ESPnet3 - Data Preparation with Providers and Runners

Masao SomekiAbout 3 min

🧪 ESPnet3: Data Preparation with Providers and Runners

ESPnet3 replaces the shell-script based pipelines from ESPnet2 with a unified Python workflow. Datasets, feature extraction, and data cleaning are performed through the Provider/Runner abstraction that powers both training and inference. The same code runs locally on a laptop, on multiprocessing setups, and on large clusters managed by Dask.

This guide focuses on:

Defining providers and runners for data preparation.
Executing those runners locally and on clusters.
Incorporating data cleaning in the same pipeline.

✅ What you implement in this pipeline

Part	You implement	ESPnet3 handles
`EnvironmentProvider` subclass	How to build the dataset and per-worker environment	Dispatching to workers and injecting kwargs
`BaseRunner` subclass	The `forward` function (per-index computation)	Looping over indices and result collection
YAML config	`dataset`, `parallel`, and any runtime parameters	Wiring configs into providers and runners

Defining the environment: EnvironmentProvider

A provider encapsulates everything that has to be instantiated once per process: datasets, tokenisers, models, or utility objects. For data preparation we usually construct datasets and lightweight helpers. Providers receive a Hydra configuration so the implementation stays declarative.

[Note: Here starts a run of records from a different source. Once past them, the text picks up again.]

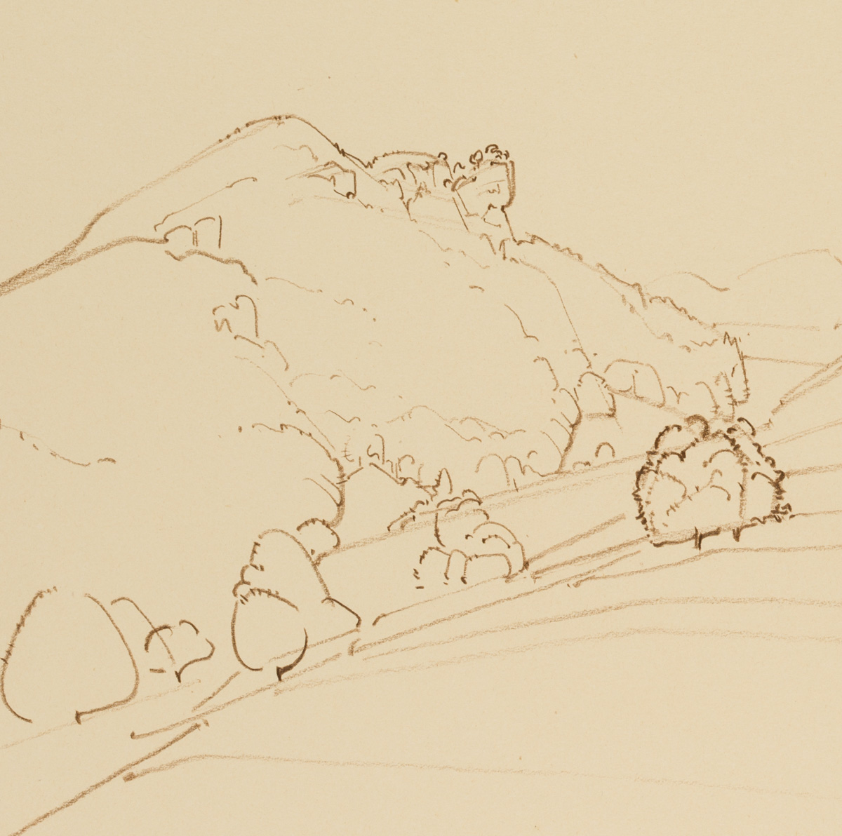 - Zustand: Guter Zustand. Vereinzelt blasse Verfärbungen im Bereich der Ecken und Ränder. Das Blatt ist durch eine frühere Hängung mit Hilfe von Nadeln im Bereich der Ecken beschädigt. Die Darstellung wird hiervon nicht beeinträchtigt. Rückseitig eine weitere skizzenhafte Formulierung der selben Landschaft.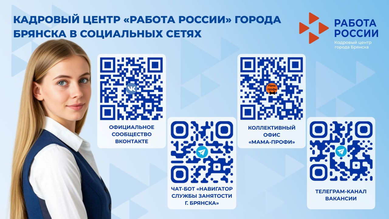 Кадровый центр ведет официальную страницу в социальной сети ВКонтакте по адресу: https://vk.com/czn32br, где публикуется актуальная информация о планируемых мероприятиях, востребованных вакансиях, мерах государственной поддержки и новых сервисах.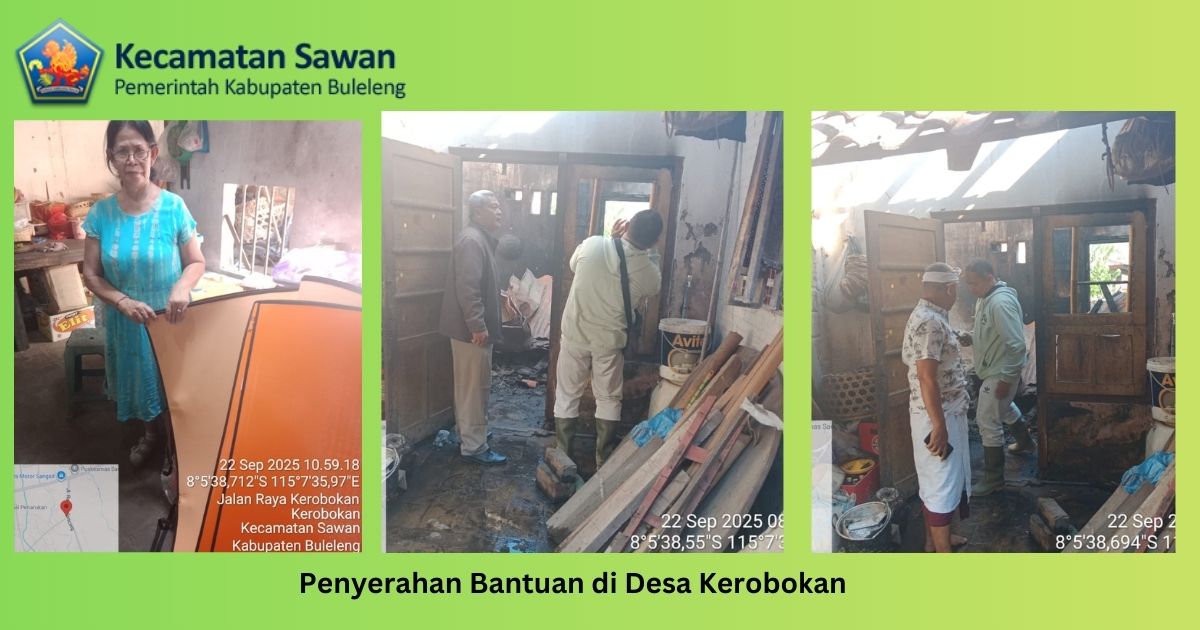 Hari ini senin, 22 September 2025, menindaklanjuti kejadian kebakaran rumah di Desa Kerobokan pada jumat, 19 september 2025 dua anggota staf trantib pol pp kecamatan sawan mendampingi dari tim analisis kebencanaan assesment BPBD ( I Gede Mahendra, S T. MM) Kabupaten Buleleng menyerahkan bantuan sementara kepada korban.

from omegaconf import DictConfig

from espnet3.parallel.env_provider import EnvironmentProvider

class MyDatasetProvider(EnvironmentProvider):
    def __init__(self, cfg: DictConfig, *, params: dict | None = None):
        super().__init__(cfg)
        self.dataset_cfg = cfg.dataset
        self.params = params or {}

    def build_env_local(self):
        dataset = load_raw_samples(self.dataset_cfg)
        return {"dataset": dataset, **self.params}

    def make_worker_setup_fn(self):
        dataset_cfg = self.dataset_cfg
        params = self.params

        def setup():
            dataset = load_raw_samples(dataset_cfg)
            return {"dataset": dataset, **params}

        return setup

Anything returned by the provider is injected into the runner as keyword arguments. Because providers are serialisable, they work in local, parallel and asynchronous modes without additional changes.

Implementing the computation: BaseRunner

A runner defines a static forward method that processes a single index. The example below performs feature extraction and includes an optional cleaning step, showing how preparation and cleaning share the same infrastructure.

from espnet3.parallel.base_runner import BaseRunner
import librosa

class PrepRunner(BaseRunner):
    @staticmethod
    def forward(idx: int, *, dataset=None, cleaner=None, output_dir=None):
        sample = dataset[idx]
        audio = sample["audio"]
        sr = sample["sr"]
        stft = librosa.stft(audio)

        if cleaner is not None:
            sample = cleaner(sample)
            if sample is None:  # filtered out
                return None

        save_features(sample["utt_id"], stft, output_dir)
        return {
            "utt_id": sample["utt_id"],
            "stft_shape": stft.shape,
        }

Because forward is static it is pickle-safe and can be shipped to remote workers. Any additional runtime arguments (e.g., cleaner, output_dir) can be provided through the provider params or when instantiating the runner.

Running locally

Local execution is the default when no parallel configuration is set. The provider builds the environment once and the runner iterates through the requested indices.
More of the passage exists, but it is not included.